Acantholimon antilibanoticum

Scientific classification
- Kingdom: Plantae
- Clade: Embryophytes
- Clade: Tracheophytes
- Clade: Angiosperms
- Clade: Eudicots
- Order: Caryophyllales
- Family: Plumbaginaceae
- Genus: Acantholimon
- Species: A. antilibanoticum
- Binomial name: Acantholimon antilibanoticum Mouterde

= Acantholimon antilibanoticum =

- Genus: Acantholimon
- Species: antilibanoticum
- Authority: Mouterde

Species of flowering plant

Acantholimon antilibanoticum is a species of flowering plant in the family Plumbaginaceae, belonging to the genus Acantholimon Boiss., a large assemblage of cushion-forming subshrubs. The species was described by the French Jesuit botanist Paul Mouterde and is named for the Anti-Lebanon mountain range, the limestone ridge that forms the majority of the border between Lebanon and Syria. It is one of several vascular plant taxa bearing the Latin epithet antilibanoticum recorded as native or near-endemic to this geographically distinct range.

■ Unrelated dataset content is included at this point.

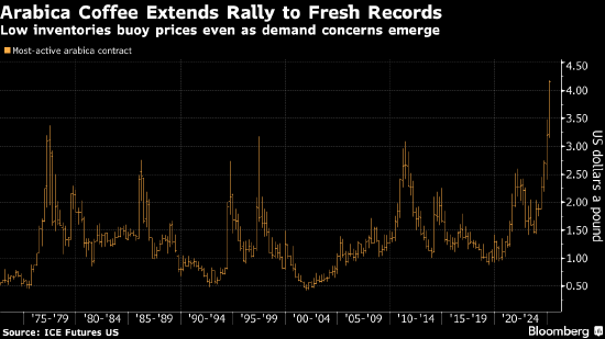 由于对供应短缺的担忧挥之不去,阿拉比卡咖啡期货创下历史新高,继续深入超买区域。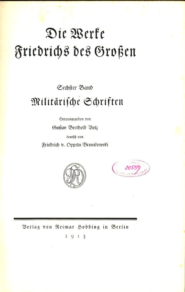 | Wydane w seriach: | Die Werke Friedrichs des Grossen in deutscher Übersetzung Ze Zbiorów Kazimierza Malczewskiego |

==Taxonomy and nomenclature==

The genus Acantholimon was formally established by the Swiss botanist Pierre Edmond Boissier in 1846 in his Diagnoses Plantarum Orientalium Novarum, with Acantholimon glumaceum (Jaub. & Spach) Boiss. designated as the type species. The generic name derives from the Ancient Greek ákantha (thorn, spine) combined with a shortened form of Limonium, a related genus in Plumbaginaceae, reflecting both the spine-tipped leaves and the family affinity.

Acantholimon antilibanoticum was described by Paul Mouterde (1892–1972), a French Jesuit missionary and naturalist who served as professor at Saint Joseph University in Beirut. Mouterde's principal botanical contribution was the Nouvelle Flore du Liban et de la Syrie, a three-volume work published between 1966 and 1983, which remains the most comprehensive floristic reference for the Lebanese and Syrian flora. The specific epithet antilibanoticum situates the taxon geographically within the Anti-Lebanon range. Plants of the World Online (POWO), maintained by the Royal Botanic Gardens, Kew, accepts Acantholimon antilibanoticum Mouterde as a valid species.

==Description==

Acantholimon antilibanoticum conforms to the characteristic growth form of the genus: an evergreen, perennial subshrub forming a dense, hemispherical cushion or mat. Leaves are linear, rigid, acuminate, and spine-tipped, a suite of morphological features that minimise the exposed leaf surface and deter browsing by large herbivores, and that are strongly associated with the water-stressed, substrate-poor subalpine habitats favoured by the genus. The leaves are hard-textured and densely arranged on branched woody stems, persisting on older branches after withering.

As is typical across the genus, the inflorescence is borne on a short, simple or branched flowering stem. Flowers comprise a funnel-shaped calyx with a flared membranous margin that persists after anthesis and facilitates wind dispersal, and five spreading petals. Flowering occurs in summer, consistent with the phenology of other high-altitude Acantholimon species in the Levant.

==Distribution and habitat==

Acantholimon antilibanoticum is native to the Anti-Lebanon range, a southwest-to-northeast-trending mountain chain running parallel to Mount Lebanon and separated from it by the Beqaa Valley. The range averages approximately 2000 m above sea level, with several peaks exceeding 2400 m; its highest point, Mount Hermon (Jabal el-Shaykh), reaches 2,814 m and is snow-covered for much of the year. The Euro+Med Plantbase Project records the species as native to the Lebanon–Syria region.

The species grows in the gravelly and stony soils or on exposed rocky substrates characteristic of mid- to upper-elevation mountain habitats favoured by Acantholimon throughout its range. It is a component of the tragacanth cushion-plant vegetation typical of Irano-Turanian subalpine slopes in the Levant; plant communities shaped by strong winds, seasonal snow cover, summer drought, and thin rocky soils.